Thu, Sep 17, 2015 - Page 15 News List

HP to prune workforce by 10%

RESTRUCTURING:The cuts are in line with a plan to split the company into two — one focusing on servers, storage, software and services, and the other on printers and PCs

NY Times News Service, SAN JOSE, California

A year ago, Hewlett-Packard Co (HP) chief executive Meg Whitman announced she was cutting the company in two. On Tuesday, she detailed job cuts expected at the company.

About 10 percent of the jobs at the current HP, or perhaps 30,000 of its 300,000 employees, is to be eliminated, company officials said.

“We’re looking forward to operating as two industry-leading companies,” Whitman said at a meeting of financial analysts. “You’ll see us doing more pruning of businesses that don’t fit.”

Whitman became the head of HP in 2011. As part of a restructuring announced in 2012, 54,000 jobs have been cut at the company. The new cuts are on top of those.

In November, Whitman will become the chief executive of HP Enterprise (HPE), which will sell things like computer servers, data storage, software and services to business.

The other company, called HP Inc, will focus on printers and personal computers. Whitman has said the division will enable both businesses to react faster to changing markets.

The big job cuts will come from HPE, in particular jobs at call centers and other service centers in developed countries. HP plans to automate many of the jobs and build out positions in countries like India and Costa Rica.

The services business had been largely dependent on just a few customers and it lost important accounts last year.

HP chief financial officer Cathie Lesjak said HP Inc, which will have about 50,000 employees, will reduce its head count by 1,200 employees next year, and a total of 3,300 employees by the end of 2018.

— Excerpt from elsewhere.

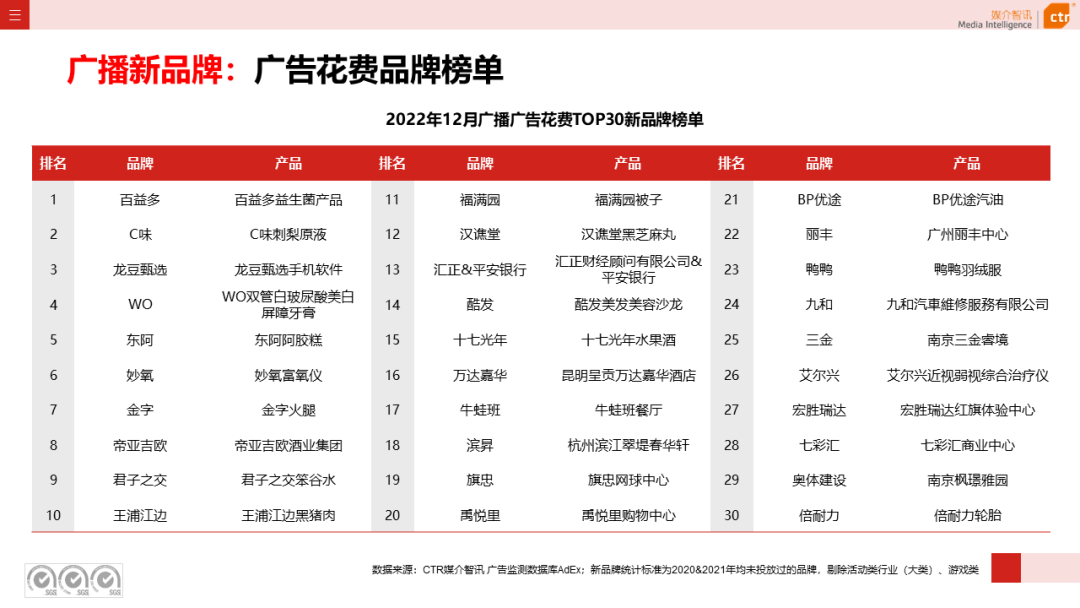 新品牌方面,12月广播广告新品牌前三十榜单里,超四成品牌来自食品、房地产/建筑工程行业、商业及服务性行业,其余品牌覆盖娱乐及休闲、交通、饮料等10个行业。

Longer term, HPE is also retraining its sales force, aiming to increase the amount of technology consulting and cross-selling work the company does. This is typically the kind of work done by companies like IBM Corp, while the old HP made lower margin, but high-volume sales of individual products.

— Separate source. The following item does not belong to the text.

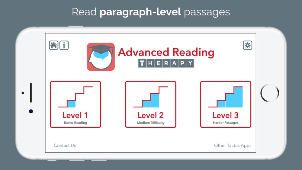In all Tactus Therapy apps for speech therapy, you'll get wifi-free use, no log-ins, and no subscriptions. The activities are based on researched techniques that work. The content is designed with adults in mind, yet can easily be used with older children and teens. Support is built-in to encourage independent use for home practice while being flexible for in-clinic use with a qualified clinician.

There will most likely be high demand for technology deals, as companies move to new styles of business enabled by the growth in mobile devices and cloud computing. However, it is uncertain whether HPE can win the confidence of lots of customers.

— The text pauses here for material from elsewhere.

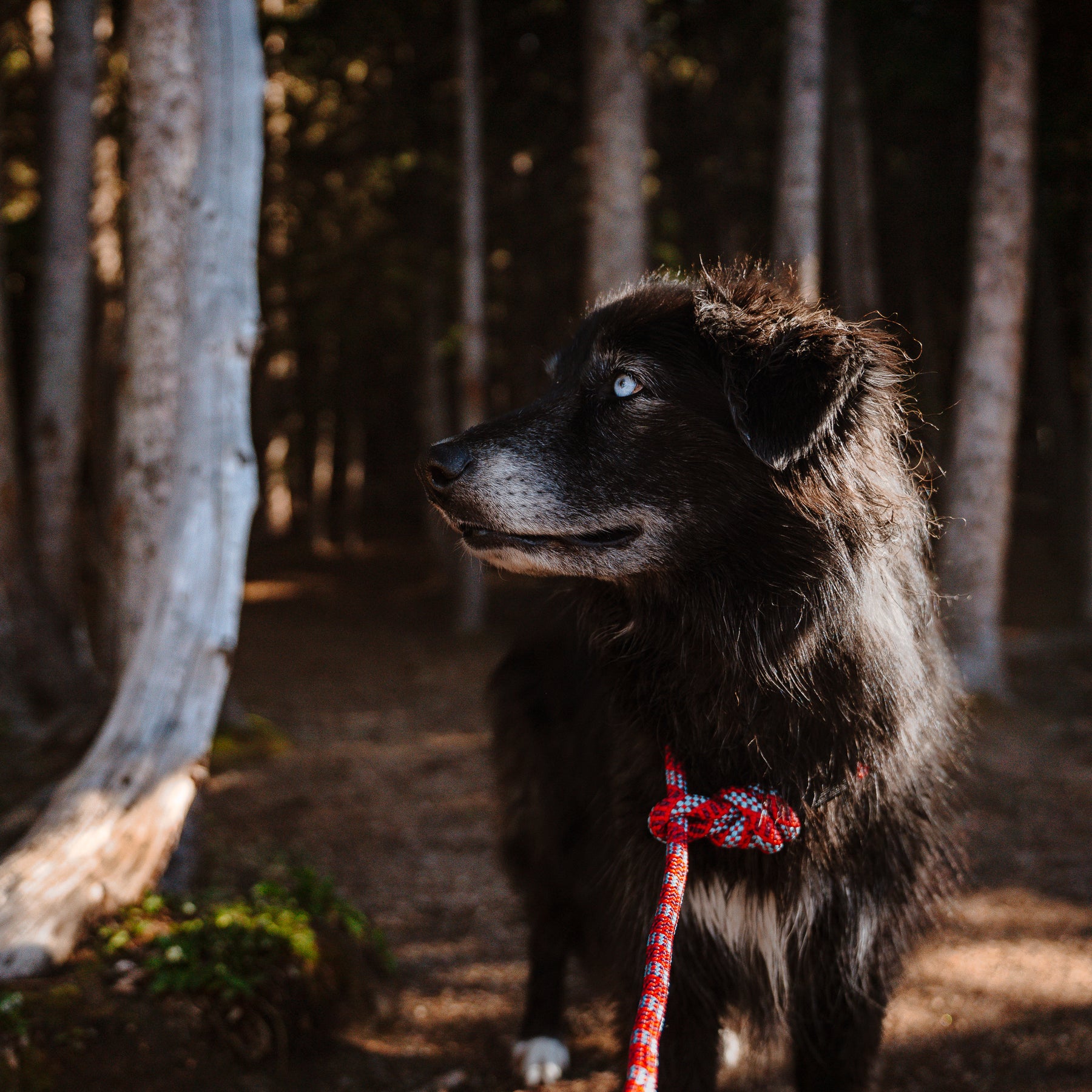 A black dog with light-colored eyes, wearing a Maple Slip Lead, stands in a forest. The dog looks attentive and slightly towards the side, with sunlight filtering through the trees in the background.

While Whitman said HP was switching “from turnaround mode to growth mode,” some analysts were skeptical about her projection that HPE would have a compound annual growth rate of 4.4 percent over the next three years.

“Half your portfolio is not going to grow for the next three years,” Sanford C. Bernstein & Co analyst Toni Sacconaghi said. “Is it really realistic that HP can grow?”

It can “if enterprise services can stop shrinking,” Whitman said.

Despite the torrid growth at smaller tech companies in hot areas, she said HPE was aiming for “GDP-like growth rates” and hoping to raise profit margins with efficient management.

Whitman will also be chairwoman of HP Inc. Dion Weisler, who runs the printing and PC business at HP, will be chief executive.

HP shares rose US$0.07 to US$27.11 on Tuesday. The stock fell during after-hours trading.